··· Records provided ···

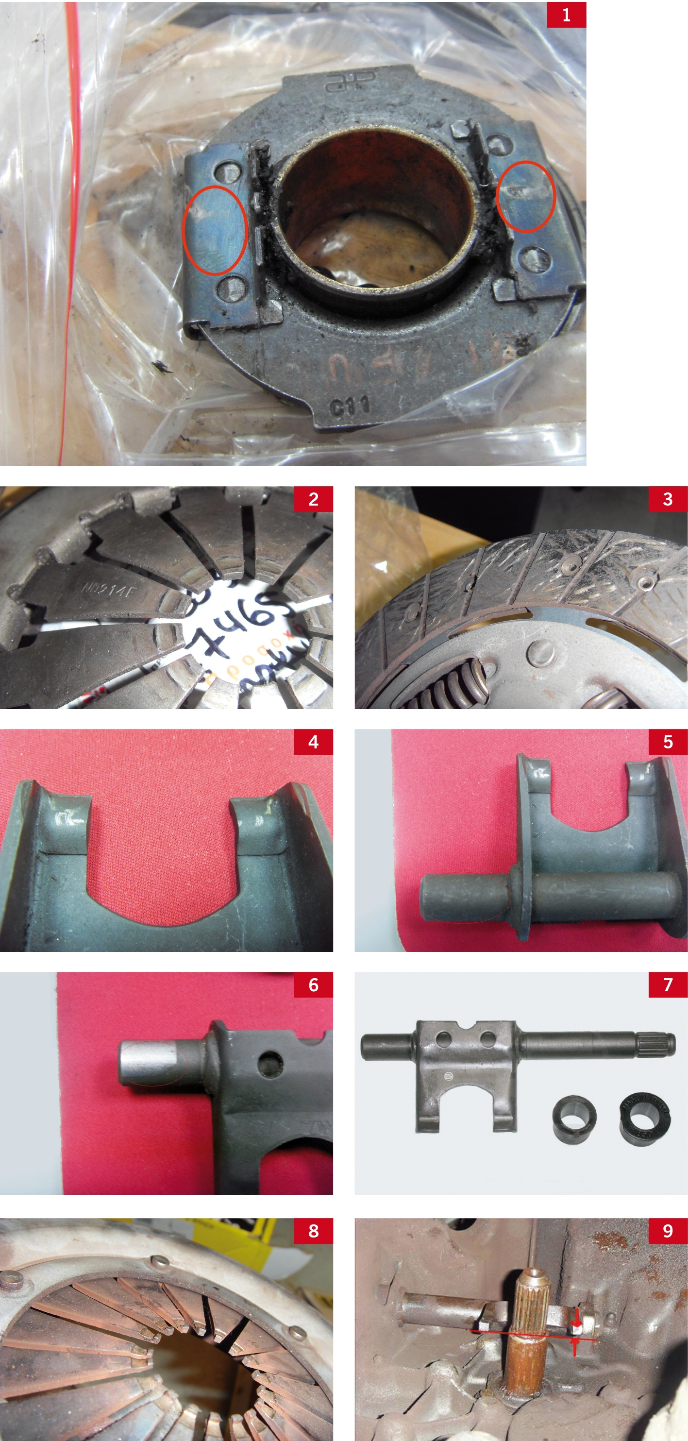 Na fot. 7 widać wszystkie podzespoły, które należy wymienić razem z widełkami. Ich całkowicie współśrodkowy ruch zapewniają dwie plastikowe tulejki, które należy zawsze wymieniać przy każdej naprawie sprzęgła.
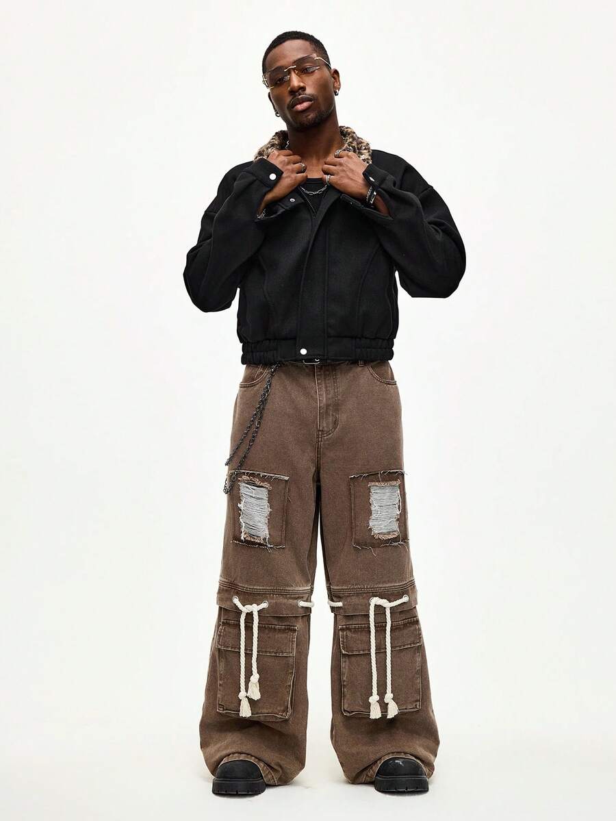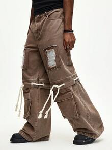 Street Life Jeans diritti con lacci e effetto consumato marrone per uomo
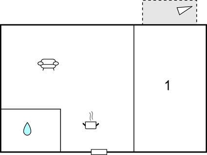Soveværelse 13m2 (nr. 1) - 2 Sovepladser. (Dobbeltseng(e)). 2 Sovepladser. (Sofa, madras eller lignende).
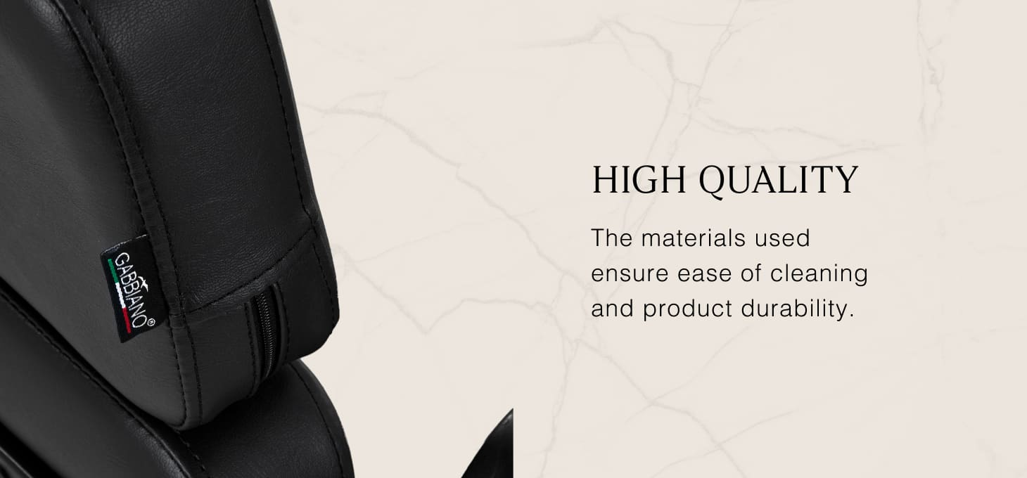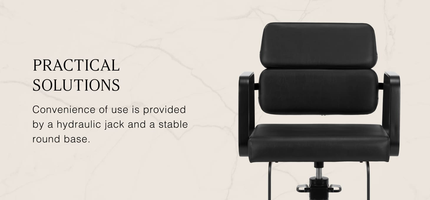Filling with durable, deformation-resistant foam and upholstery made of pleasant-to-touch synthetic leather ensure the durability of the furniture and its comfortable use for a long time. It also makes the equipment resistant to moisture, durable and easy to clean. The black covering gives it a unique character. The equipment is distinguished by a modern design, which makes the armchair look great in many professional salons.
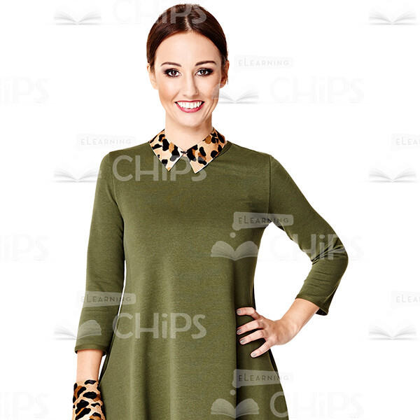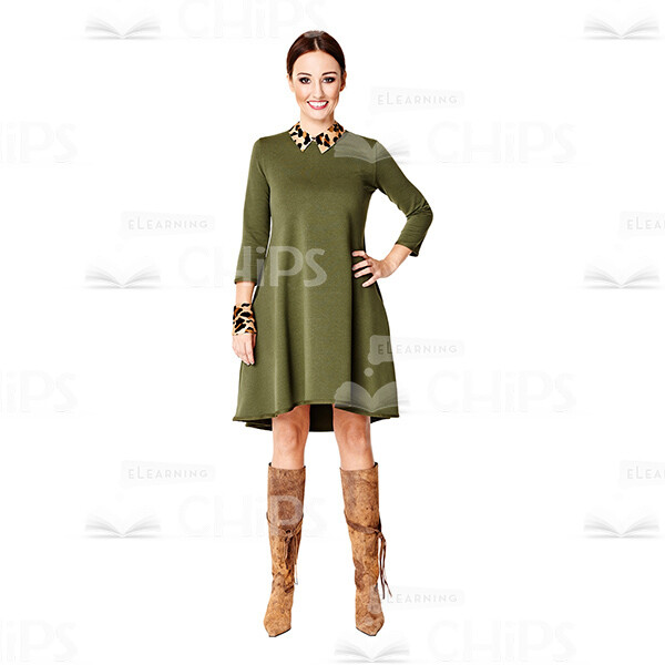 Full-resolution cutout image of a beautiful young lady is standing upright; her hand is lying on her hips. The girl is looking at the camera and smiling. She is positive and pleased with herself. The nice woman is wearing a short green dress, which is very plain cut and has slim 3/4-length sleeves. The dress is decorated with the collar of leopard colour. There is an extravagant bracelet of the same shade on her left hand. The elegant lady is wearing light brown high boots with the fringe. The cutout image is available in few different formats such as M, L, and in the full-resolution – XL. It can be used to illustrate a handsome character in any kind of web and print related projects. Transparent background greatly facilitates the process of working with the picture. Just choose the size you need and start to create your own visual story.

···

Nothing but the lines from the one containing "Soveværelse 13m2 (nr." through the end of the entries should be written out, exactly and without pictures.

Written solution -
Soveværelse 13m2 (nr. 1) - 2 Sovepladser. (Dobbeltseng(e)). 2 Sovepladser. (Sofa, madras eller lignende).
Filling with durable, deformation-resistant foam and upholstery made of pleasant-to-touch synthetic leather ensure the durability of the furniture and its comfortable use for a long time. It also makes the equipment resistant to moisture, durable and easy to clean. The black covering gives it a unique character. The equipment is distinguished by a modern design, which makes the armchair look great in many professional salons.
 Full-resolution cutout image of a beautiful young lady is standing upright; her hand is lying on her hips. The girl is looking at the camera and smiling. She is positive and pleased with herself. The nice woman is wearing a short green dress, which is very plain cut and has slim 3/4-length sleeves. The dress is decorated with the collar of leopard colour. There is an extravagant bracelet of the same shade on her left hand. The elegant lady is wearing light brown high boots with the fringe. The cutout image is available in few different formats such as M, L, and in the full-resolution – XL. It can be used to illustrate a handsome character in any kind of web and print related projects. Transparent background greatly facilitates the process of working with the picture. Just choose the size you need and start to create your own visual story.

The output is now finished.